The .bed file table is ready now, it only needs to be printed to a tab-delimined file now.

In [11]:
bed.to_csv('bionanonew.bed', sep='\t', header=False, index=False)

# Avoid bugs
There have been several issues I have met during reformatting of the files. I will list them here in case you adapt the script for your own purposes:

- The name column (column 4 in the .bed file) consists of a name and a location. The name can not contain any underlines \_ , dashes - or points, the only special character allowed is ':'. E.g. don't change the name to 'Super_Scaffold_11:17683' but leave it like 'SuperScaffold11:17683'.
Especially the dashes, because in the merged bed file (in case the optical mapping data is merged with another map data), the name will change to 'nameofmap-SuperScaffold11:17683' and if there is an additional dash - like 'nameofmap-SuperScaffold-11:17683', ALLMAPS will interpret 11:17683 as a location. The resulting Scaffolding output will then not contain any information of this map.

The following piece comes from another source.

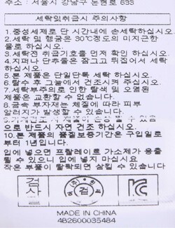 세탁방법 및 취급시 주의사항 본 제품은 손세탁 하십시오.(케어라벨참고)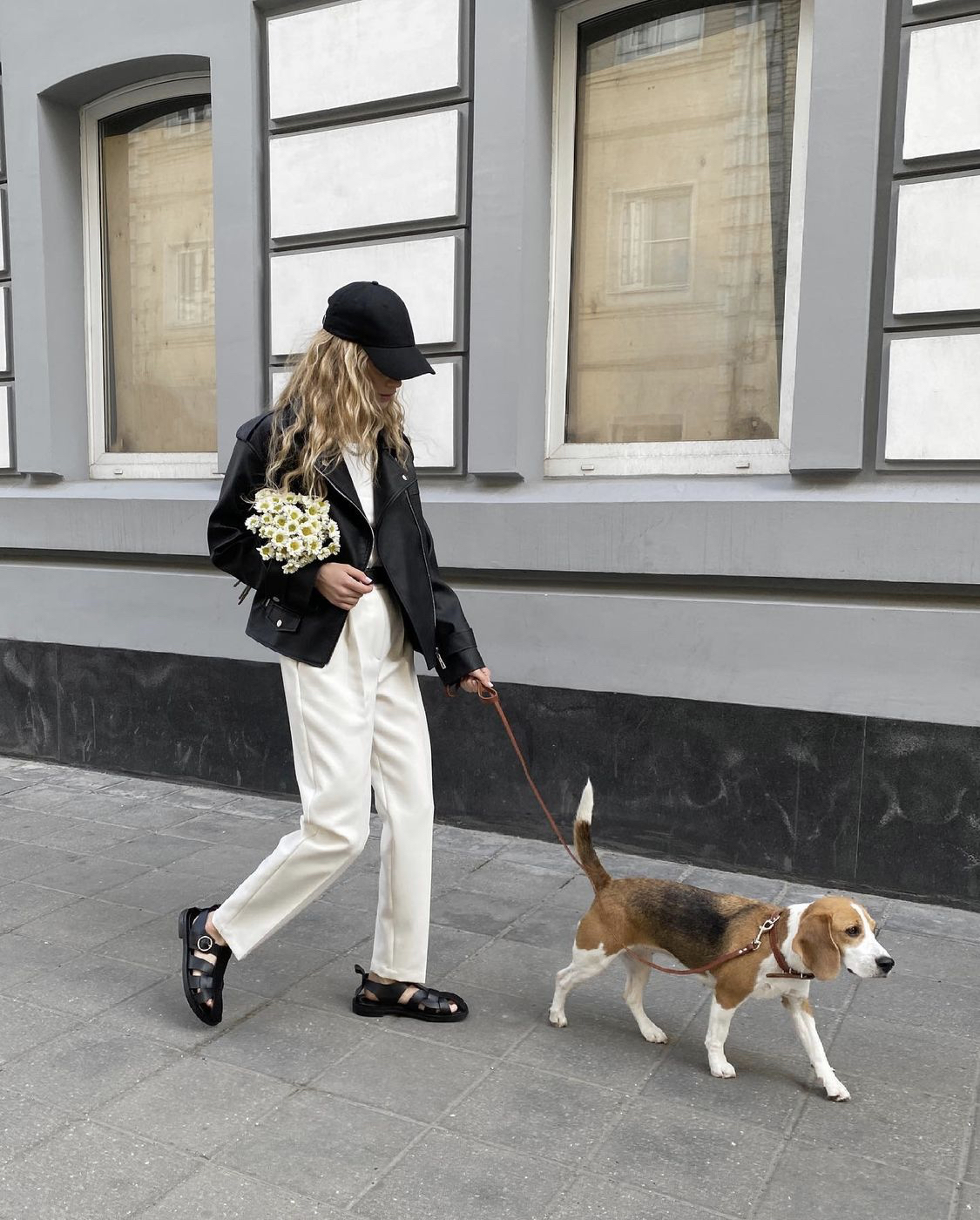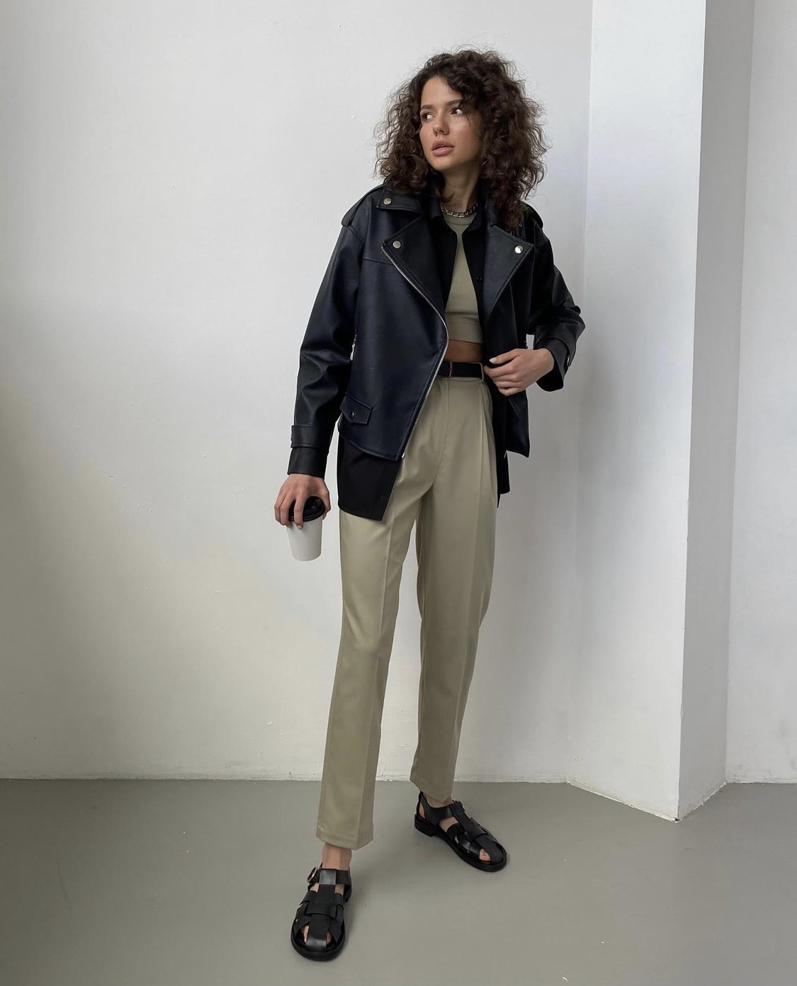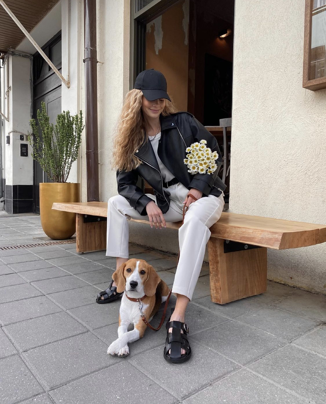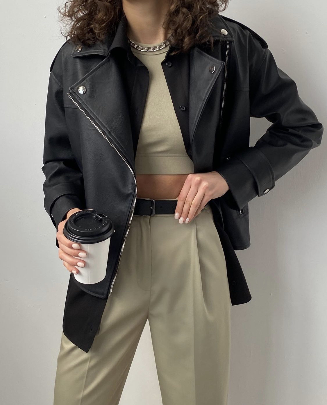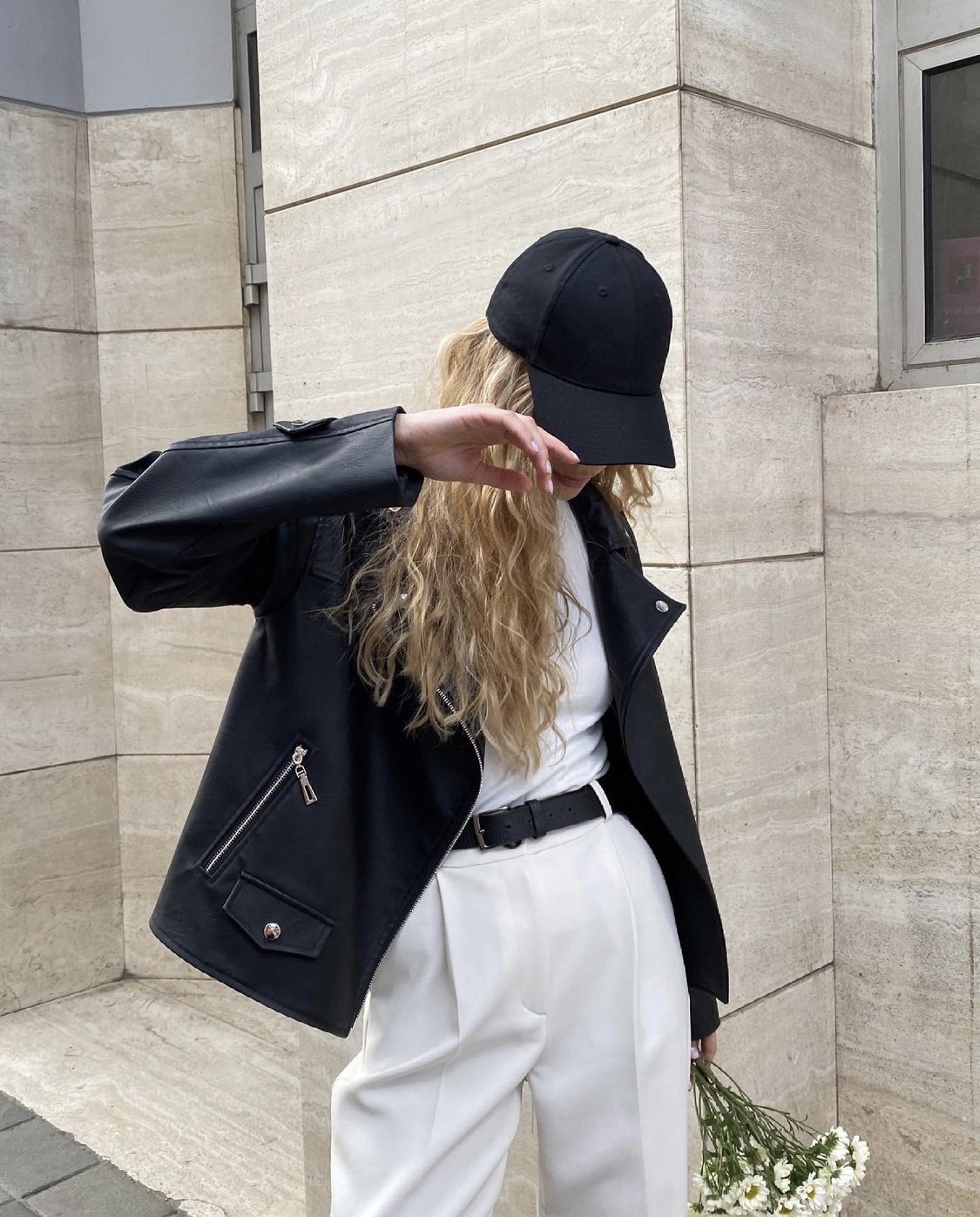 블랙의 심플하면서 디테일이 있을건 다 있는 가죽자켓과 밝은 아이보리빛 팬츠의 조화!

- make sure the 'CompntName' in the .bed file matches the Sequence names in the .fasta file you will feed into ALLMAPS.
- make sure the .bed file is tab-delimined
- if you have any other maps, like genetic maps, make sure the Linkage group names do not contain any special character like 'L.1', instead change the name to something like 'L1'.
- getting an error like 'AttributeError: 'ScaffoldOO' object has no attribute 'object'' means there is something wrong with the names, in my case I had special characters at the wrong places in my .bed file.
- I compared the [sample .bed file](https://figshare.com/articles/ALLMAPS_supporting_data_Medicago_genome_assembly/1057745) a lot with my own, in case you have more problems with conversion, this might help you as well. 



### Conversion problems/ things to consider (copied in without revision!!- TODO)
* .bed format: NGS-contig name, NGS-start position, NGS-end position, Name of optical mapping SuperScaffold and its starting position (e.g. SS40:340.2), score, strand
    * the map position needs to be given with the name of the map scaffold
    * RefStart and not QryStart (had QryStart first)
* .bed is tab-delimined
* 577 unique contigs in OM data
* names of Peex113Ctgs must match with scaffolds.fasta file (they do)
* no empty lines
* no '\_' and '.' together in file names, neither in Scaffold names (not sure if the second is necessary)
    * genetic map linkage group not 'L.1' but 'L1'
* no '-' in Scaffold names, dash is used to specify the map in ALLMAPS, e.g. if it is the opticalmap or the geneticmap

* Problem: only geneticmap information is used for allmaps, the optical mapping info appears in the "unmapped" file.
    * run break of chimeric contigs first?